We still use the Fashion MNIST dataset to do classification with Convolutional layers, Batch normalization and MaxPooling.



In [1]:
import torchvision
import matplotlib.pyplot as plt
from torch import nn, optim
import torch.nn.functional as F
import torchvision
import torchvision.transforms as transforms
import numpy as np

In [2]:
# load dataset
train_set = torchvision.datasets.FashionMNIST(root = './data/FashionMNIST', download = True,
                                              train = True, transform = transforms.Compose([transforms.ToTensor(),]))
test_set = torchvision.datasets.FashionMNIST(root = './data/FashionMNIST', download=True,
                                             train=False, transform = transforms.Compose([transforms.ToTensor()]))

100%|██████████| 26.4M/26.4M [00:01<00:00, 14.4MB/s]
100%|██████████| 29.5k/29.5k [00:00<00:00, 2.43MB/s]
100%|██████████| 4.42M/4.42M [00:00<00:00, 11.4MB/s]
100%|██████████| 5.15k/5.15k [00:00<00:00, 7.83MB/s]


Let's first look at an example of CNN, and then explain it step by step.

In [3]:
# define the model
class CNN(nn.Module):
    def __init__(self):
        super(CNN, self).__init__()

        self.conv1 = nn.Conv2d(1,10,5)    # 1 image -> 10 filters from 5x5 kernels
        self.conv2 = nn.Conv2d(10,20,3)   # 10 images/filters -> 20 filters 

        self.fc1 = nn.Linear(20*10*10,500) # 20 channels * 10 h * 10 w
        self.fc2 = nn.Linear(500, 10)

    def forward(self, x):     
        input_size = x.size(0)
        # in: batch*1*28*28, out: batch*10*24*24(28-5+1)
        x = self.conv1(x)
        # out: batch*10*24*24
        x = F.relu(x)
        # in: batch*10*24*24, out: batch*10*12*12
        x = F.max_pool2d(x,2,2)

        # in: batch*10*12*12, out: batch*20*10*10 (12-3+1)
        x = self.conv2(x)
        x = F.relu(x)

        # 20*10*10 = 2000
        x = x.view(input_size,-1)

        # in: batch*2000  out:batch*500
        x = self.fc1(x)
        x = F.relu(x)

        # in:batch*500 out:batch*10
        x = self.fc2(x)
        return F.log_softmax(x) # log soft max to logits
    

We first define our CNN Class by inheriting **nn.Module**, and then create each layer of CNN in **init**. All operations of the neural network are implemented through the forward function.

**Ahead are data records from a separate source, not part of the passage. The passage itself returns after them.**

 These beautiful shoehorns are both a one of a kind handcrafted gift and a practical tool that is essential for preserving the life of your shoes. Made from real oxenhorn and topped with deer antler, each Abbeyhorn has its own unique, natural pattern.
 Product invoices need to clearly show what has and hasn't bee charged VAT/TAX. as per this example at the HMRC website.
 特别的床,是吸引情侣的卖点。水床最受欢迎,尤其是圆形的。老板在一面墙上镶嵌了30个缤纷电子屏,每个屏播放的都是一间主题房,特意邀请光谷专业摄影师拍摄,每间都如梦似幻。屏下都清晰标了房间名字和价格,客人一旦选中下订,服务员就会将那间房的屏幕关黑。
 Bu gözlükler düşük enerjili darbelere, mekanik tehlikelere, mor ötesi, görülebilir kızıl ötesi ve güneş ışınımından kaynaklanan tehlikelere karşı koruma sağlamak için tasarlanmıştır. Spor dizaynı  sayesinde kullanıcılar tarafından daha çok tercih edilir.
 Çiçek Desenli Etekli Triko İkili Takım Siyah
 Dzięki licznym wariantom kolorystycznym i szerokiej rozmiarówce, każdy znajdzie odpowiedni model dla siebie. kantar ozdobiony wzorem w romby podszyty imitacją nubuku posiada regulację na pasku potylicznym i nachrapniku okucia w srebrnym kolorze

In this CNN example, there are two 2-dimensional convolutional layers and two fully connected linear layers, which are connected through some activation functions, and finally output the softmax classification results.


## Convolutional layer
Fashionmnist is a two-dimensional image dataset to be recognized, so we use two-dimensional convolutional layer **torch.nn.Conv2d**. 

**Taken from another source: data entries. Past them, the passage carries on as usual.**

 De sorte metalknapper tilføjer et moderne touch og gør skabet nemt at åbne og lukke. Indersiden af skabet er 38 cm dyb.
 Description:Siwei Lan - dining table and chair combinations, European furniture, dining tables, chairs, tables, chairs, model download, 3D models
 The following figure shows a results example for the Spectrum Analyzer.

`torch.nn.Conv2d(in_channels, out_channels, kernel_size,
                stride=1, padding=0, dilation=1, groups=1,
                bias=True, padding_mode='zeros')`

- in_channels (int): number of input image channels  
- out_channels (int): the number of channels after convolution  
- kernel_size (int or tuple): convolution kernel size  
- stride (int, optional): Convolution stride, default is 1

Let's look at an example operation of convolution layer:

In [4]:
import torch

input = torch.randn(1,1,28,28)
conv1 = nn.Conv2d(1,10,5)
output = conv1(input)

print(input.shape)
print(output.shape)

torch.Size([1, 1, 28, 28])
torch.Size([1, 10, 24, 24])


The size of input image is `(1x1x28x28)`: 
* The first 1 is the batch size, which can be ignored here. 
* The second is number of channel, for 1X28x28 image. The input of the convolutional layer is also a single channel, which needs to be consistent with the number of channels of the image! The output is 10 channels, and the size of the convolution kernel is 5x5. So our output is naturally (1x10x24x24): where batch size = 1 remains unchanged, the image becomes **(24x24), 24 = 28 - 5 + 1**.

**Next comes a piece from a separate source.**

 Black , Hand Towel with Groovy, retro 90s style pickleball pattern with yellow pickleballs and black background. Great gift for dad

After understanding the operation mode of the convolutional layer, let's understand the most basic usage: after creating a Net class, we can directly enter the input, and the result can be obtained through the forward function. 
Of course, this example is just a simple demonstration, the model has not been trained, so the output is not accurate every time.

In [5]:
network = CNN()
print(network)
output = network(input)
pred = output.argmax(1)
print(pred)

CNN(
  (conv1): Conv2d(1, 10, kernel_size=(5, 5), stride=(1, 1))
  (conv2): Conv2d(10, 20, kernel_size=(3, 3), stride=(1, 1))
  (fc1): Linear(in_features=2000, out_features=500, bias=True)
  (fc2): Linear(in_features=500, out_features=10, bias=True)
)
tensor([5])


  return F.log_softmax(x) # log soft max to logits


## Hyperparameters and Optimizer

In [6]:
learning_rate = 1e-3
batch_size = 60
epochs = 5
#loss = F.nll_loss(output, target)
optimizer = torch.optim.SGD(network.parameters(), lr=learning_rate) # Stochastic Gradient Descent

In a training loop, the optimization has 3 steps:

1. Execute optimizer.zero_grad to clear the gradient accumulated in the system,
2. The prediction loss is backpropagated by calling loss.backward(). PyTorch will store the loss gradient corresponding to each parameter.
3. After getting the loss gradient, call optimizer.step() to optimize and adjust parameters

In [7]:
def train(network, train_loader, optimizer):
    network.train()
    for batch_idx, (data, target) in enumerate(train_loader):
        optimizer.zero_grad()

        output = network(data)
        loss = F.nll_loss(output, target) # negative log likelihood loss used for classification
        loss.backward()

        optimizer.step()

Note that **network.train()** is to start Batch Normalization and Dropout

## Batch Normalization
Its role is to normalize each layer in the network, and use Batch Normalization Transform to ensure that the feature distribution extracted by each layer will not be destroyed. The training is for each mini-batch, but the test is for a single picture, that is, there is no concept of batch. Since the parameters are fixed after the network training is completed, the mean and variance of each batch are unchanged, so the mean and variance of all batches are directly settled.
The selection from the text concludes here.